I typically spend one of my first treatment sessions with a new patient to teach them how to do self-myofascial release soft-tissue work using a foam roll or other device. Then I must couple this with teaching them static stretches and/or dynamic flexibility warm-ups. These are significantly more effective than static stretching in terms of reducing injury rates.
Dynamic mobility trains stability and range of motion simultaneously. Dynamic mobility prepares your body for workouts and stimulates the nervous system, muscles, tendons and joints in a dynamic manner. Having a lot of range of motion without stability actually increases your risk of injury.
A Sample Exercise Program
Consider a patient who is sitting day-in and day-out, and who relates sitting to the cause of their low back pain. Let's create a simple exercise program that will take you 5-10 minutes per office visit to teach them what to do as home care. In addition to providing soft-tissue work, modalities, mobilization and manipulation in the office, provide time within sessions or schedule separate office visits that teach the patient strategies to warm up and activate or "turn on" the neuromusculoskeletal system.
Your mobilization and manipulation will loosen up joints and muscles. The dynamic mobility movements that you teach will warm up the body and increase ROM. If the patient already works out, remind them at the end of a workout to spend time to recover and regenerate to prepare for tomorrow's workout.
- Visit #1: Perform the modified Thomas test to objectify tight / overactive hip flexors from prolonged sitting. Let's say this test reveals that the patient has overactive quads and psoas muscles. On the first visit, teach them how to foam roll the quads and also how to place a weighted ball over the psoas muscle in the prone position to mobilize the psoas muscle belly. These maneuvers will change the pliability of the muscle tissue; enhance the ability of the muscle fibers to slide and glide; decrease the amount of friction and adhesions in the muscle tissue; and change the neural feedback loop. Have the patient purchase a foam roll and a small weighted ball so they can do this on a daily basis at home.
- Visit #2: Teach the patient how to perform a quad stretch, a standing psoas stretch and a yoga-pose lunge stretch. Have them perform two sets of these hip flexor stretches for 60-second static holds, progressing deeper into the stretch as time passes.
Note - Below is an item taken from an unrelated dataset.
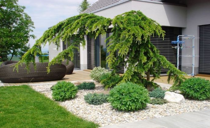 Hlavnú rolu záhrady dostala Borovica lesná ´Watererii´ z vystihaným kmeňom a zastrihnutou korunou do gule.

- Visit #3: Teach the patient how to perform repetitive backward lunges with a twist (dynamic stretch). Have them perform repetitions on each side for a minute or two. Also teach them how to perform gluteal bridges and the birddog exercises (isometrics). Have them perform two sets of 10 reps with a five-second isometric hold up top.
- Visit # 4: Teach the patient how to perform side-lying hip abduction exercises (isometrics). Have them perform two sets of 10 reps with a five-second isometric hold up top.
- Visit #5: Teach the patient to perform single-leg bridges and the birddog (progress with one end of a resistance band wrapped around the right foot and the other end held in the left hand). This session is used to explain the benefits of gluteal muscle firing timing and hypertrophy. Have them perform two sets of 10-20 reps on each side.
You can continue this progression with reps of standing leg abduction with resistance loops and glute-hamstring exercises (gluteal strength). Have the patient perform three to four sets of five to six reps. I hope this discussion helps you build a practice that stretches you and your patients!
Resource
- Clark M, Lucett S. NASM Essentials of Corrective Exercise Training. Lippincott Williams and Wilkins; Baltimore, MD, 2010.